** Dataset **
[Start of Attachment]
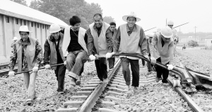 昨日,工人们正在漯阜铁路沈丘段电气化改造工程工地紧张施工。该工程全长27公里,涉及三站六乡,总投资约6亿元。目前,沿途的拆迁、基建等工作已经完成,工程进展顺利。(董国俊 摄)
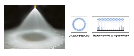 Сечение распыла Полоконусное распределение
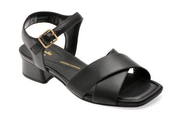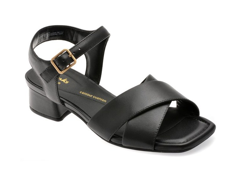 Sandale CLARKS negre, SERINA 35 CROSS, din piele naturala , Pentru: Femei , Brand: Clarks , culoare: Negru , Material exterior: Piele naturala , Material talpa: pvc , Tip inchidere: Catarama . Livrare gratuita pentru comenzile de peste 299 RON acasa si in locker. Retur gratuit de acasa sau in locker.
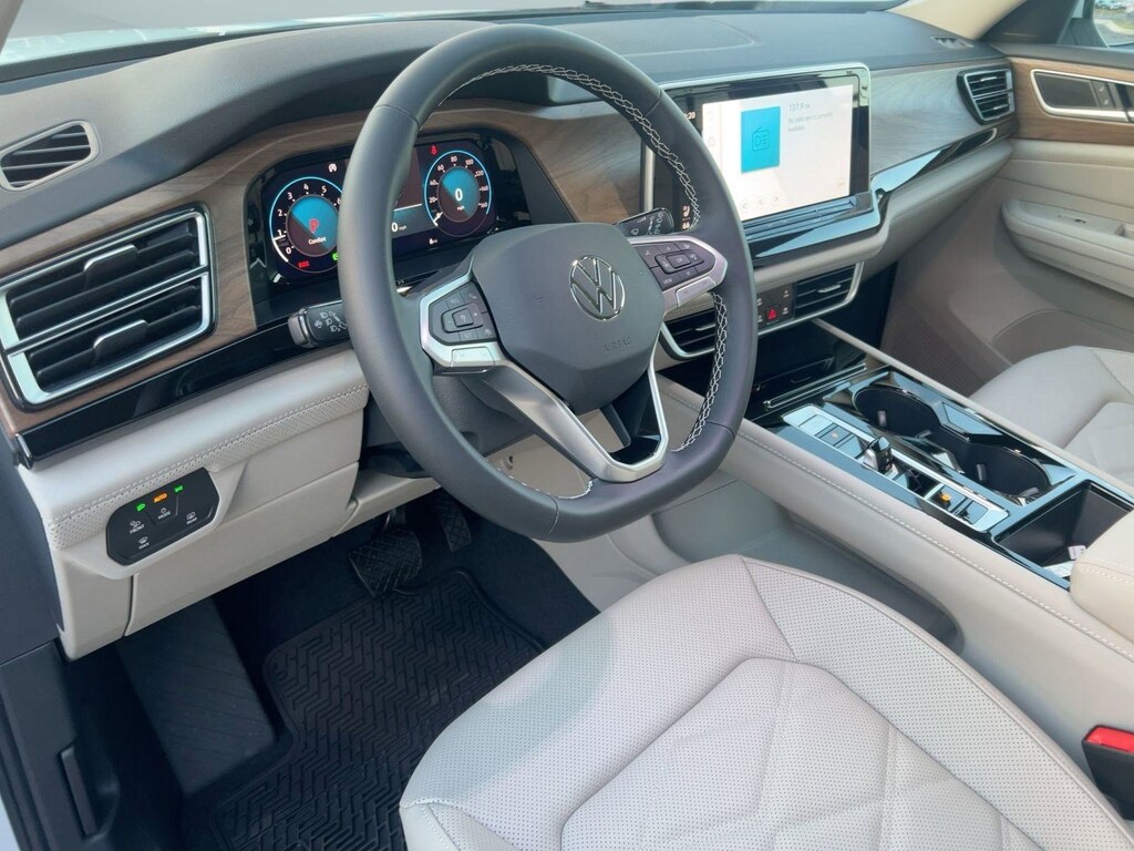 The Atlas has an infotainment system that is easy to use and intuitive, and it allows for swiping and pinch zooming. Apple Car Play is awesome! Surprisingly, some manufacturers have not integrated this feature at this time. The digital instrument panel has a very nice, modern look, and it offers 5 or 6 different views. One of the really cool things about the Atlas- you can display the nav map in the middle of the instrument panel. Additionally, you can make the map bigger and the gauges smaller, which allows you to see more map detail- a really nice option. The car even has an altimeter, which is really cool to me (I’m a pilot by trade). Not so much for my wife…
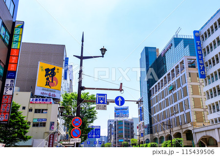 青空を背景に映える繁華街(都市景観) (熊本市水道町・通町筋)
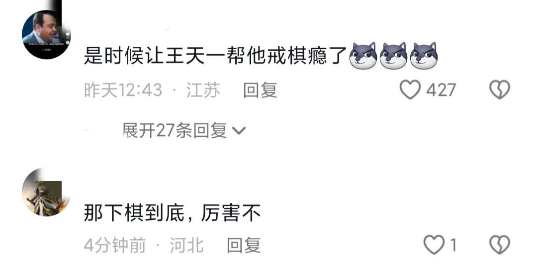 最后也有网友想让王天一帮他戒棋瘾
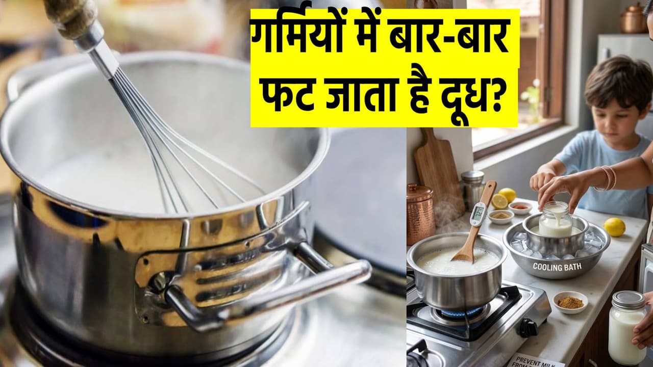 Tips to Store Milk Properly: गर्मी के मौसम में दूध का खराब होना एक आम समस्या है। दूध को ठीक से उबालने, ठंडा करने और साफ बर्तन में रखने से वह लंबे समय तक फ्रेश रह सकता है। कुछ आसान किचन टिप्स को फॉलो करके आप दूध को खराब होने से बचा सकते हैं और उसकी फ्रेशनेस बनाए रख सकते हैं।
[End of Attachment]
** What needs to be done **
Here the job is to output the lines from the top of the listing through the line holding "最后也有网友想让王天一帮他戒棋瘾", word for word and without pictures.

** Response **
 昨日,工人们正在漯阜铁路沈丘段电气化改造工程工地紧张施工。该工程全长27公里,涉及三站六乡,总投资约6亿元。目前,沿途的拆迁、基建等工作已经完成,工程进展顺利。(董国俊 摄)
 Сечение распыла Полоконусное распределение
 Sandale CLARKS negre, SERINA 35 CROSS, din piele naturala , Pentru: Femei , Brand: Clarks , culoare: Negru , Material exterior: Piele naturala , Material talpa: pvc , Tip inchidere: Catarama . Livrare gratuita pentru comenzile de peste 299 RON acasa si in locker. Retur gratuit de acasa sau in locker.
 The Atlas has an infotainment system that is easy to use and intuitive, and it allows for swiping and pinch zooming. Apple Car Play is awesome! Surprisingly, some manufacturers have not integrated this feature at this time. The digital instrument panel has a very nice, modern look, and it offers 5 or 6 different views. One of the really cool things about the Atlas- you can display the nav map in the middle of the instrument panel. Additionally, you can make the map bigger and the gauges smaller, which allows you to see more map detail- a really nice option. The car even has an altimeter, which is really cool to me (I’m a pilot by trade). Not so much for my wife…
 青空を背景に映える繁華街(都市景観) (熊本市水道町・通町筋)
 最后也有网友想让王天一帮他戒棋瘾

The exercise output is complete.